## Exercise objective
Only the lines from the line containing "女子向けラノベタイトル風あだ名 | 『なかにしひろたかの玉の輿計画!』 |" through the final line of the entries should be printed, exactly as given, with the pictures left out.

[Dataset items]
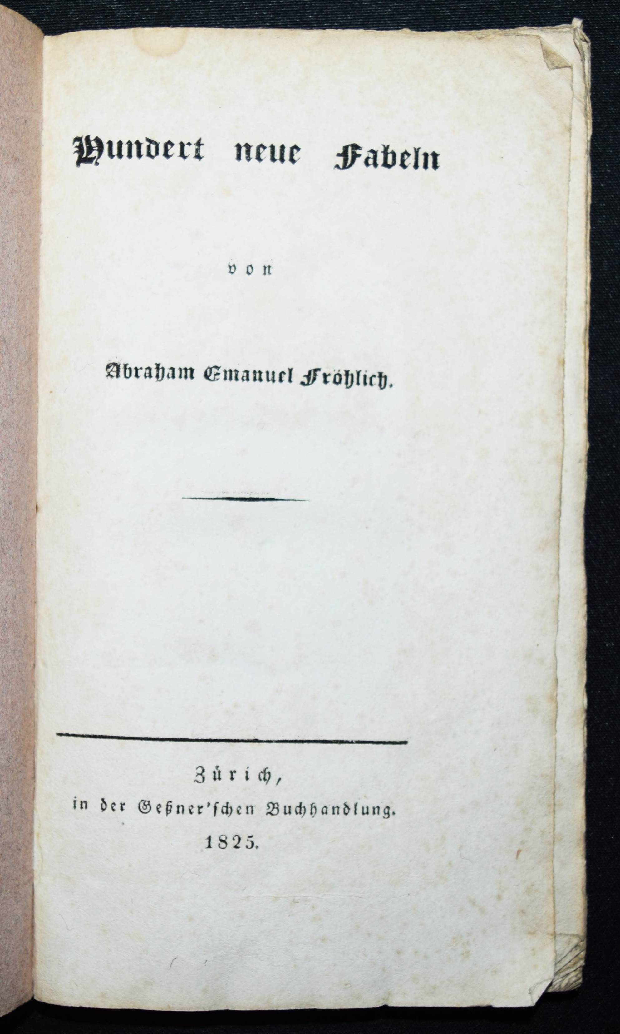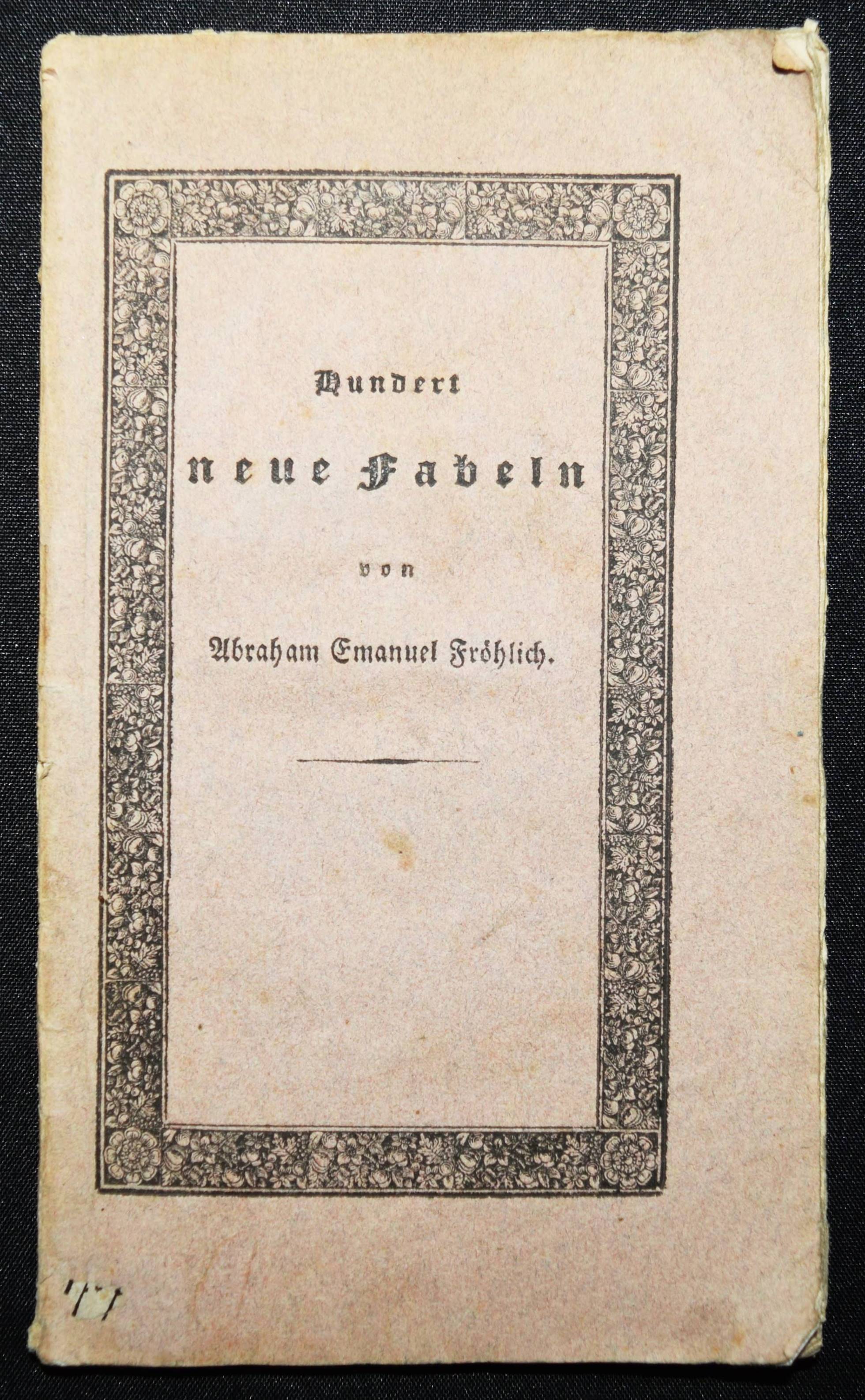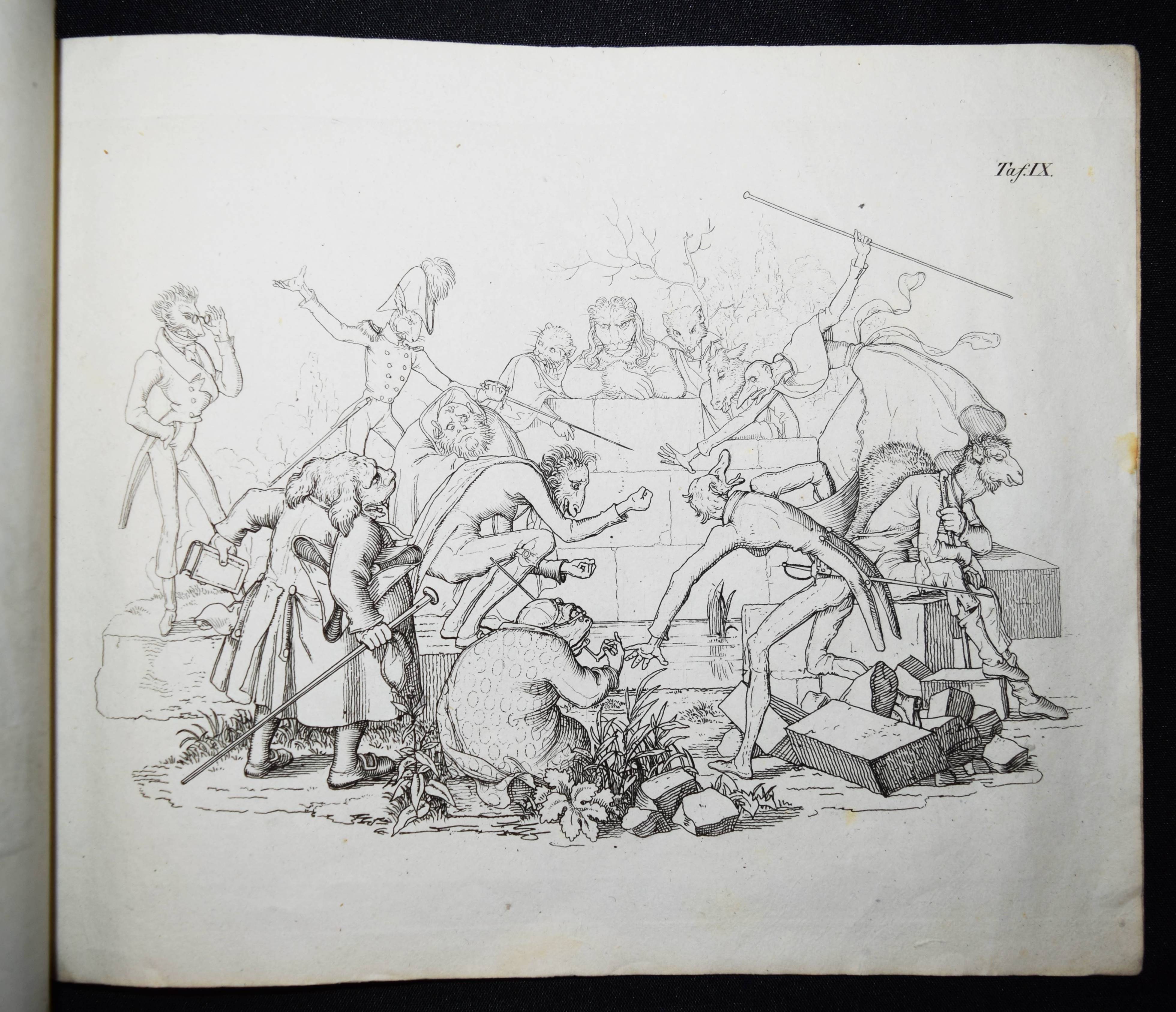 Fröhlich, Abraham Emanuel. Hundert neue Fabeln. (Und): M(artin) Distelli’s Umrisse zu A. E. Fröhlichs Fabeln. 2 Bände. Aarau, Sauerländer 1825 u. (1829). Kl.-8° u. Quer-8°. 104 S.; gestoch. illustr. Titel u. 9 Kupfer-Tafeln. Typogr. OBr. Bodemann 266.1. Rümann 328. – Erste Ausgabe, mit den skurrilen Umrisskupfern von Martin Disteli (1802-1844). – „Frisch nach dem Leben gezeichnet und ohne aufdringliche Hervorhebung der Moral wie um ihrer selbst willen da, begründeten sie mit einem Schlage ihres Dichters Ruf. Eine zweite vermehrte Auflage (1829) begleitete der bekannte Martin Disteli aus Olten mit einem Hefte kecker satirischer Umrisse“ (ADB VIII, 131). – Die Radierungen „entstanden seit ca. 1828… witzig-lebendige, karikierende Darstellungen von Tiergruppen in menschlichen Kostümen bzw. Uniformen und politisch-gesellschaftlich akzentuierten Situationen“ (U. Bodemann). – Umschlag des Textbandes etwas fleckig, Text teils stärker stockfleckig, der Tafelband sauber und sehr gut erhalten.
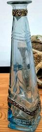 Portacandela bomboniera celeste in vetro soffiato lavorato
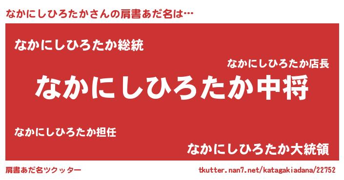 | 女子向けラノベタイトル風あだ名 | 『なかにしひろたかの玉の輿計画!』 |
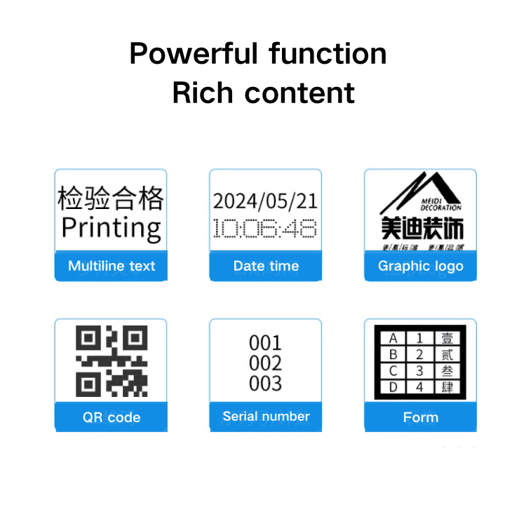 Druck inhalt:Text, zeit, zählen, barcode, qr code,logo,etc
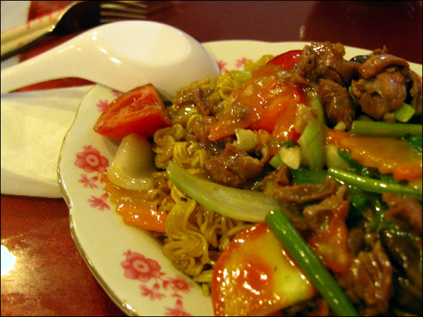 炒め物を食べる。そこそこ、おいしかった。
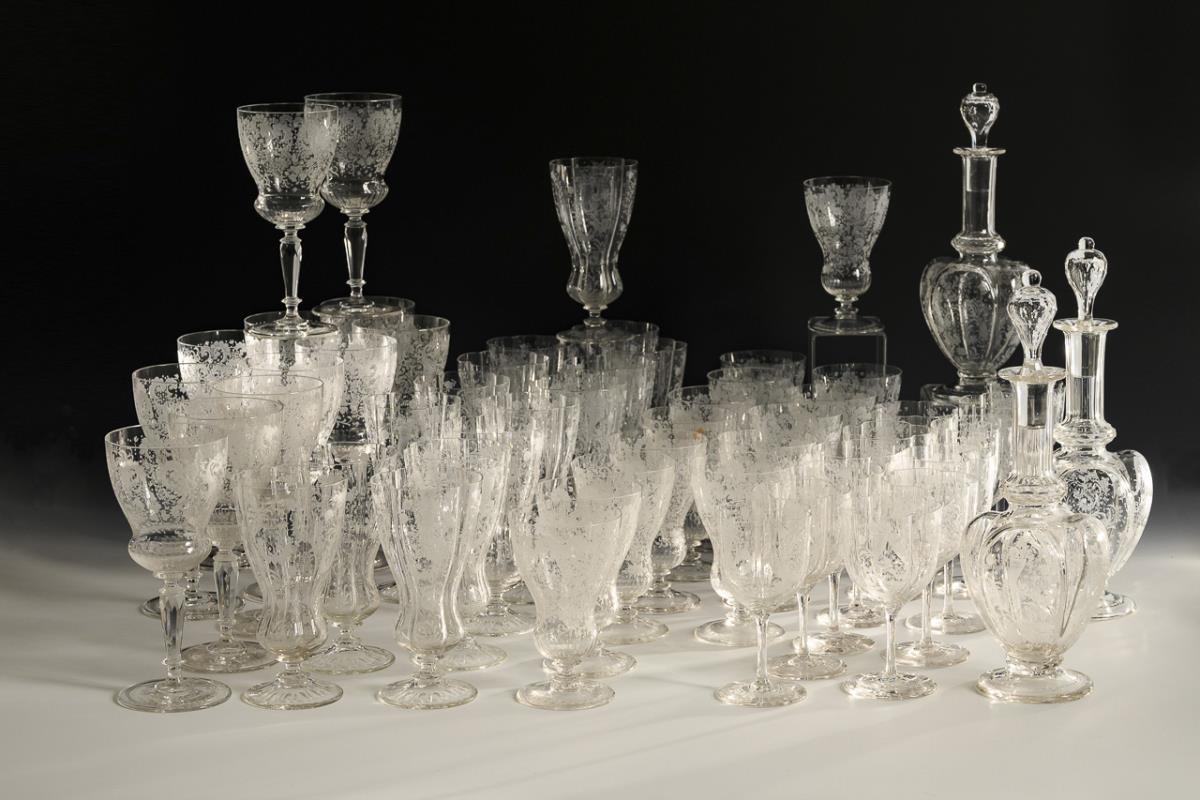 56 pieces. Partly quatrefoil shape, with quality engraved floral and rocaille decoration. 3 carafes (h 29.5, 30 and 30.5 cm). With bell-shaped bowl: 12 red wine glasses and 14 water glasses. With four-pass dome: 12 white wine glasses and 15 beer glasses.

## Worked solution
 | 女子向けラノベタイトル風あだ名 | 『なかにしひろたかの玉の輿計画!』 |
 Druck inhalt:Text, zeit, zählen, barcode, qr code,logo,etc
 炒め物を食べる。そこそこ、おいしかった。
 56 pieces. Partly quatrefoil shape, with quality engraved floral and rocaille decoration. 3 carafes (h 29.5, 30 and 30.5 cm). With bell-shaped bowl: 12 red wine glasses and 14 water glasses. With four-pass dome: 12 white wine glasses and 15 beer glasses.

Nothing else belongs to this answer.